Dataset extract:
_ _ _ _
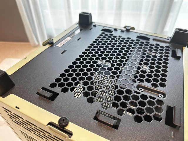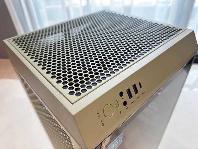 頂部為蜂巢狀開孔,IO位於前上方,為常見的5Gbps TYPE-A*2加10Gbps TYPE-C*1配置。
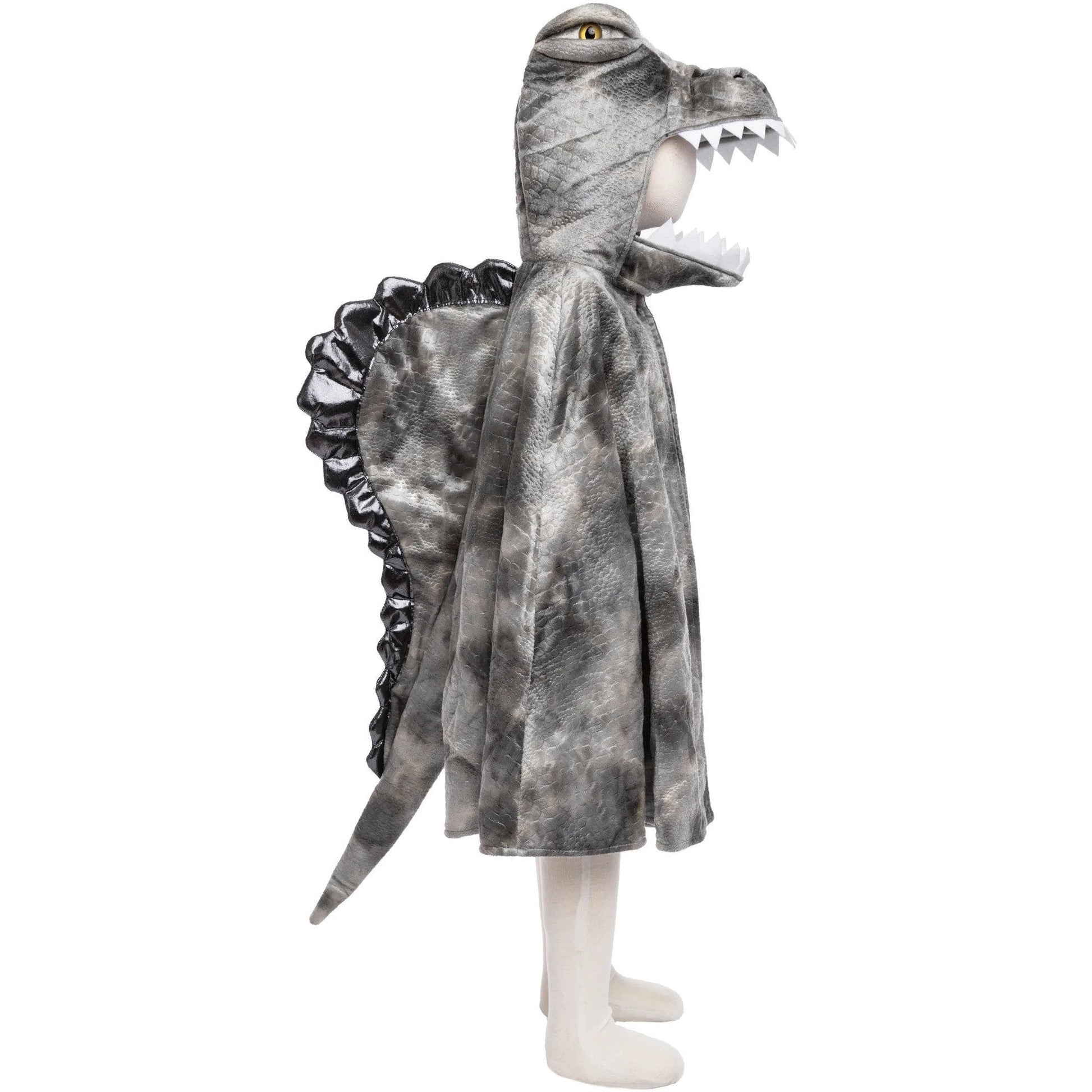 Transform into the largest-known carnivorous dinosaur with our Grandasaurus Spinosaurus Cape! Everything about this cape is EPIC, from its stuffed headpiece with fierce eyes and removable lower jaw, to the large 3D spines with shiny metallic details. This cape is made with a removable jaw and velcro closure at the neck.
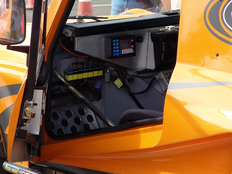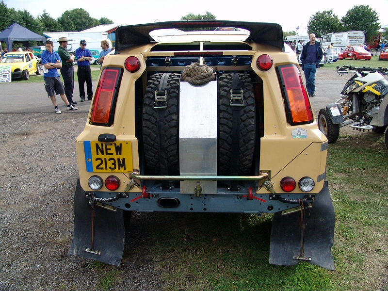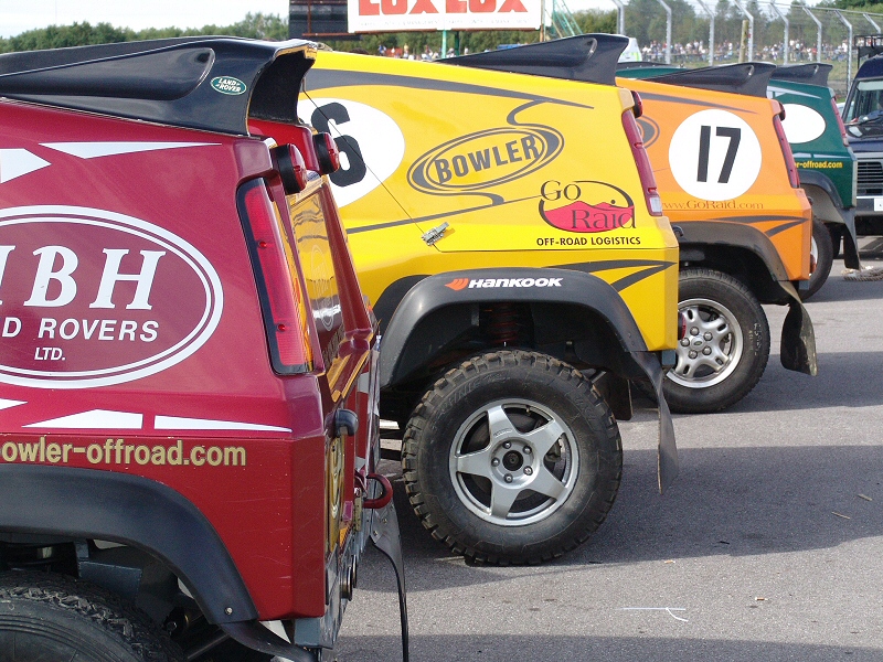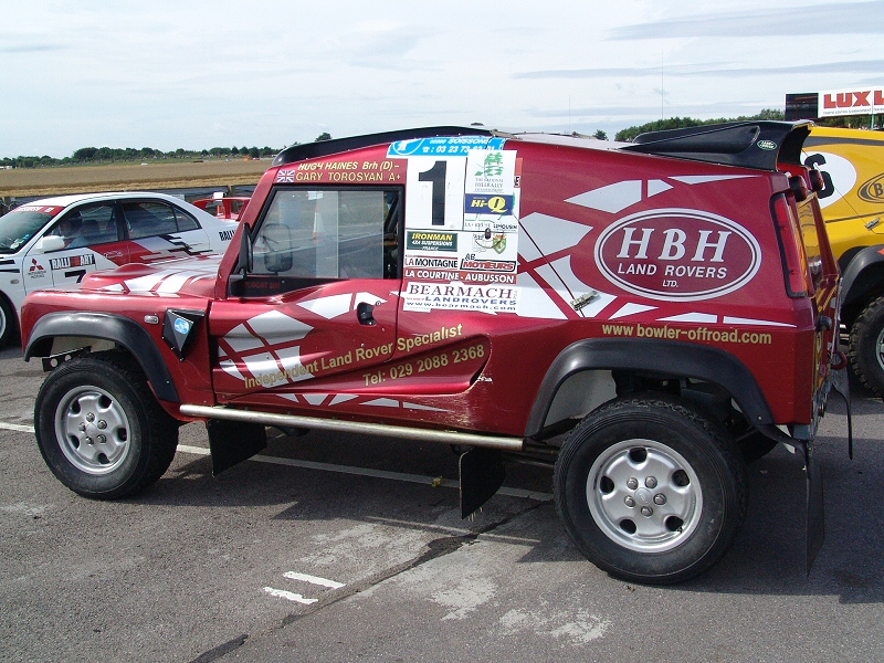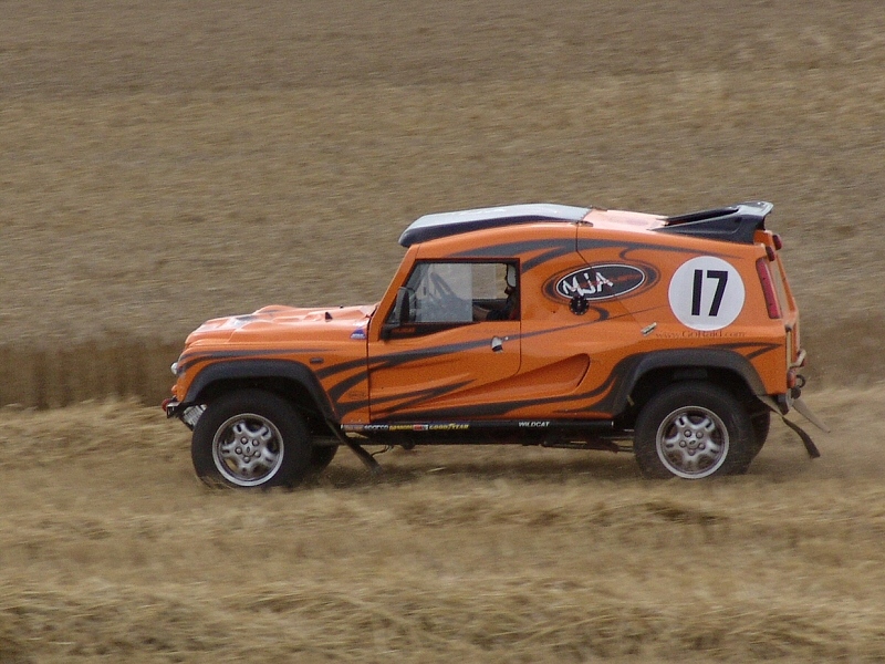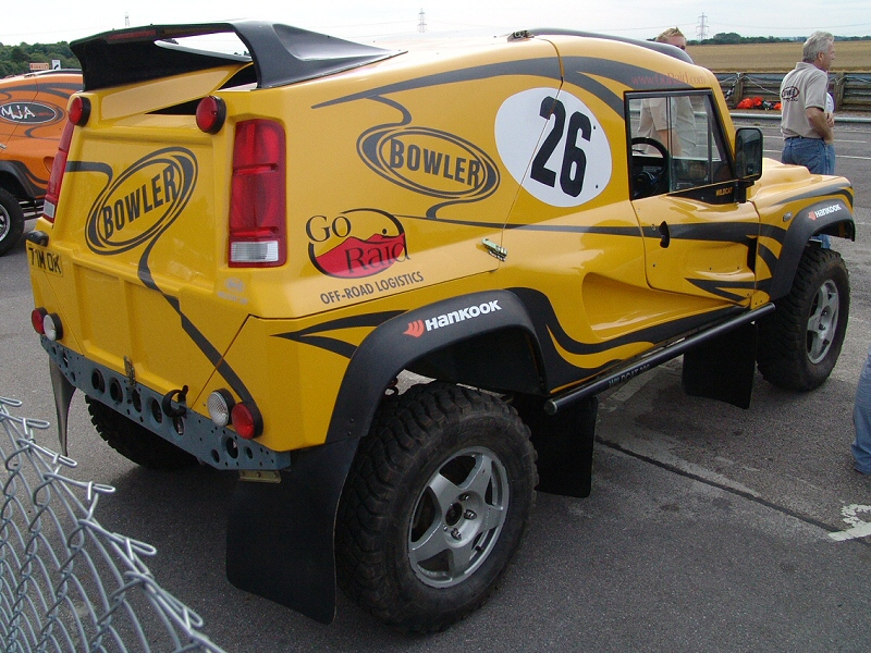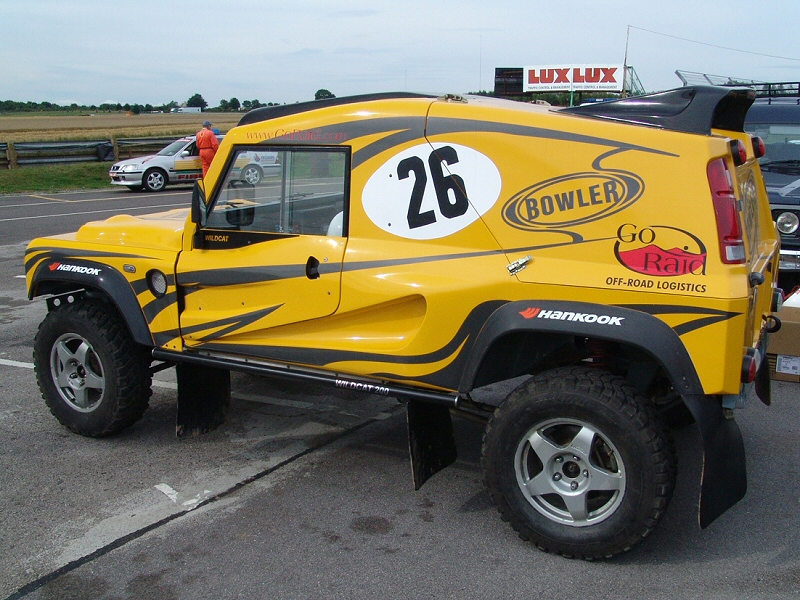 They were also offering (expensive) rides in a Bowler Wildcat around the circuit. This off-road rally car was holding its own on a proper (tarmac) race circuit against the other rally cars which are optimised for use on roads. I believed it is powered by a 5 litre Rover V8 engine (it did not belch lots of black smoke like the oil burners). It also has an enclosed back. I also got some pictures from all angles of the Wildcats parked in the paddock. I believe the Bowler Wildcat below is driven by Nick Tidboald in the Hill Rally Championship. More details about Go Raid and there support for Bowler Wildcats competing as part of the Bowler-Spirit Off-Road racing team in events such as the Dakar Rally can be found at the Go Raid web site (http://www.goraid.com/). These are not the only Bowler Wildcats I have photographed. There is another Bowler Wildcat and another Bowler Wildcat at the Castle Combe circuit. Home Tomcats Other Options Off Road Racers |
_ _ _ _
I'd like the data above duplicated exactly, with no pictures included.

 頂部為蜂巢狀開孔,IO位於前上方,為常見的5Gbps TYPE-A*2加10Gbps TYPE-C*1配置。
 Transform into the largest-known carnivorous dinosaur with our Grandasaurus Spinosaurus Cape! Everything about this cape is EPIC, from its stuffed headpiece with fierce eyes and removable lower jaw, to the large 3D spines with shiny metallic details. This cape is made with a removable jaw and velcro closure at the neck.
 They were also offering (expensive) rides in a Bowler Wildcat around the circuit. This off-road rally car was holding its own on a proper (tarmac) race circuit against the other rally cars which are optimised for use on roads. I believed it is powered by a 5 litre Rover V8 engine (it did not belch lots of black smoke like the oil burners). It also has an enclosed back. I also got some pictures from all angles of the Wildcats parked in the paddock. I believe the Bowler Wildcat below is driven by Nick Tidboald in the Hill Rally Championship. More details about Go Raid and there support for Bowler Wildcats competing as part of the Bowler-Spirit Off-Road racing team in events such as the Dakar Rally can be found at the Go Raid web site (http://www.goraid.com/). These are not the only Bowler Wildcats I have photographed. There is another Bowler Wildcat and another Bowler Wildcat at the Castle Combe circuit. Home Tomcats Other Options Off Road Racers |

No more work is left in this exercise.